Saturday, September 4, 2010

A Fallacy of Anti-Gay Legilslation

Many who argue for Proposition 8 in California and for similar legislation use a common fallacy to establish their position. They say that because many countries with laws friendly to gay "marriage" subsequently pass laws restricting anti-gay speech, such legislation must be a necessary consequent of allowing gay "marriage."

The following is my response to a dear friend of mine who raised this objection. My response includes, in part, my broader view on the subject. I was so impressed with myself- I always sound intelligent when I read my own writing at 2am- that I decided to post it here. It was much easier than rewriting the whole thing as a separate post. Here it is:

I read the article you sent me and I see the correlation between state
acknowledgment of the gay union and the abridgment of free speech. I
still don't see that the logic supports the notion that "If we stop
this discrimination based on sexual orientation, then we will lose our
liberty to speak freely." It's a non sequitor. There are two issues
that I see. The first is the government restriction of gay "marriage".
The second is the assault on liberty to express oneself. While there
is certainly a correlation between the two, but it's not a conditional
relationship. I think there's a very simple explanation for the
correlation.

When a pro-gay majority takes power-like in Canada, Ireland, Sweden,
New Zealand, the Netherlands, etc- they will obviously remove
restrictions on gay "marriage". That much is an obvious first step. At
that point, they have done nothing to restrict anyone's liberty to
express themselves. They do tend to take that step, but this isn't
because they have removed the ban on gay unions. It's because of the
idea that government has a place in restricting expression at all. The
restriction on liberty comes from a government wiling to interfere in
individual's lives; The anti-freedom laws are not a by-product of the removal of "marriage" restrictions, but of having a pro-gay majority who is using
state power to strike at the ideology they don't like.

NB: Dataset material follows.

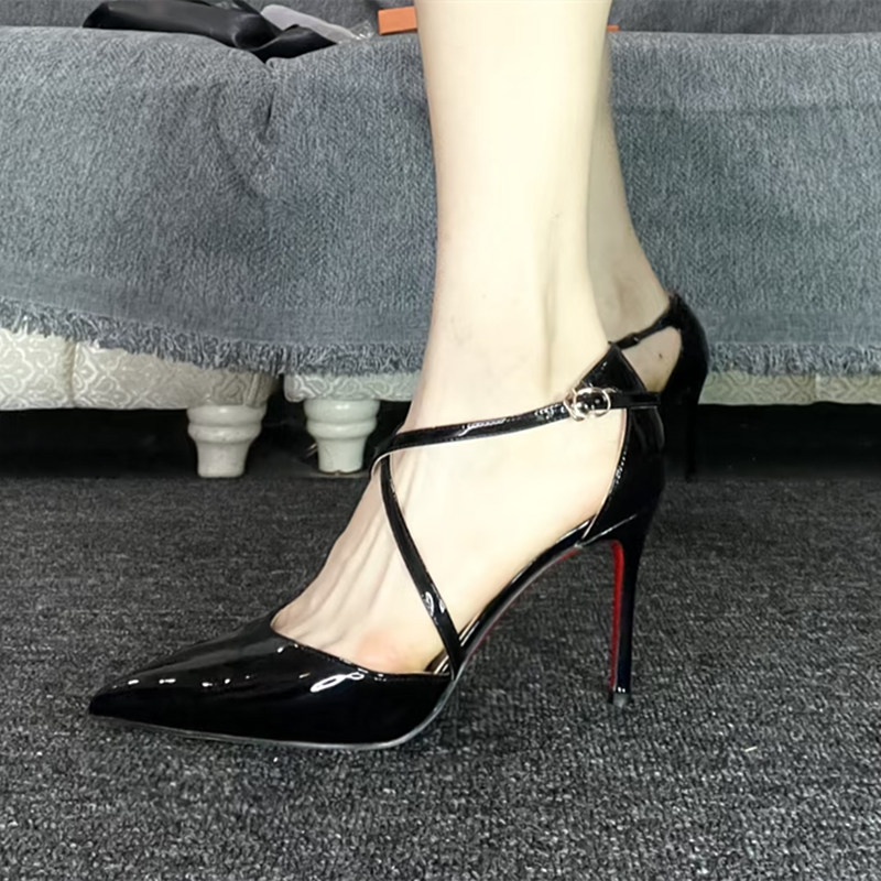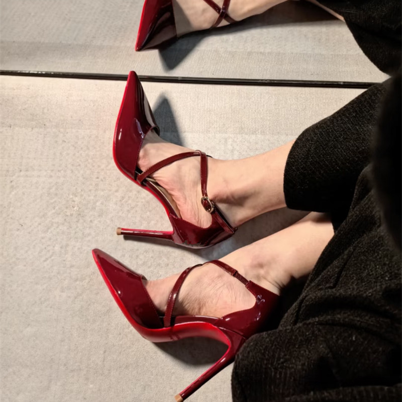 📚 性感绝美酒红色交叉带中空包头凉鞋御姐红底高跟鞋女细跟尖头单鞋

The mirroring possibility is an anti-gay government who believes in
using state power to restrict liberty by banning gay marriage. When
they are in power, they will enact laws like Prop-8 in California, or
like the late ant-sodomy laws in Texas and other states.

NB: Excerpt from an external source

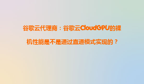 谷歌云代理商解析:谷歌云CloudGPU的裸機性能是否通過直通模式實現? 一、谷歌云CloudGPU的核心性能優勢 谷歌云(GoogleCloudPlatform,GCP)的CloudGPU服務以其...
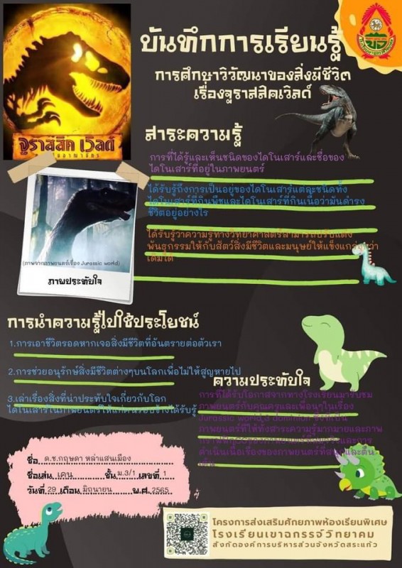 กิจกรรม ชมภาพยนตร์วิทยาศาสตร์เพื่อการเรียนรู้ เรื่องจูราสสิคเวิลด์ วันที่ 29 มิถุนายน 2565 ณ โรงภาพยนตร์ SF ศูนย์การค้าบิ๊กซีซุปเปอร์เซ็นเตอร์จังหวัดสระแก้ว ของนักเรียนห้องเรียนพิเศษระดับชั้นมัธยมศึกษาตอนต้นโรงเรียนเขาฉกรรจ์วิทยาคม ตามโครงการส่งเสริมศั

So to stage this logically, we have a pair of bi-conditional
statements. "If the government believes in using state power to
enforce its viewpoint, and if the government is pro-gay, then anti-gay
laws will be removed, and then the government will act against the
viewpoint they disagree with." That's one bi-conditional. The other
is, "If the government believes in using state power to enforce its
viewpoint, and if the government is anti-gay, then there will be laws
prohibiting gay behavior or that assign some sort of punitive
restriction to homosexuality."

Right now America is somewhere between these two polarities. The first
condition is already a reality. Government clearly believes in using
state power to enforce viewpoints. Theirs been a push for that sort of
legislation since the Alien and Sedition Acts. Anti-hate speech
legislation is already the law. The second condition is clearly moving
towards the pro-gay left, at least among the political movers and
shakers.

So why not attack the real issue? Fight the cancer of government
intervention in private life. That would destroy the only real threat
the gay movement poses to the rest of us. Without state intervention
in private life, there is no legislation attacking free expression. If
the Right does that while Conservatives/libertarians/Republicans have the
power, then they claim the mantle of protecting freedom. Everyone will
support that. If we wait till a leftist coalition is in power, then
the Right will simply look like bigots trying to make sure they can criticize those to whom they have an aversion.

Beyond it being the right thing to do, this would also give the right wing access to the large block of gay, fiscally conservative urban votes that currently swear enmity to Republicans. That could
change the whole shape of politics in San Fransisco (imagine, no Nancy
Pelosi!) and in Atlanta.

That doesn't seem like idealistic dreaming to me, but like the only
policy that makes any sense. Boiled down to one thought, my stance
could be this: The solution to too much state power (restricting
anti-homosexual speech), cannot possibly be more state power
(government regulation of marriage). The solution is to abolish state
authority over the individual. Water never saved a drowning man.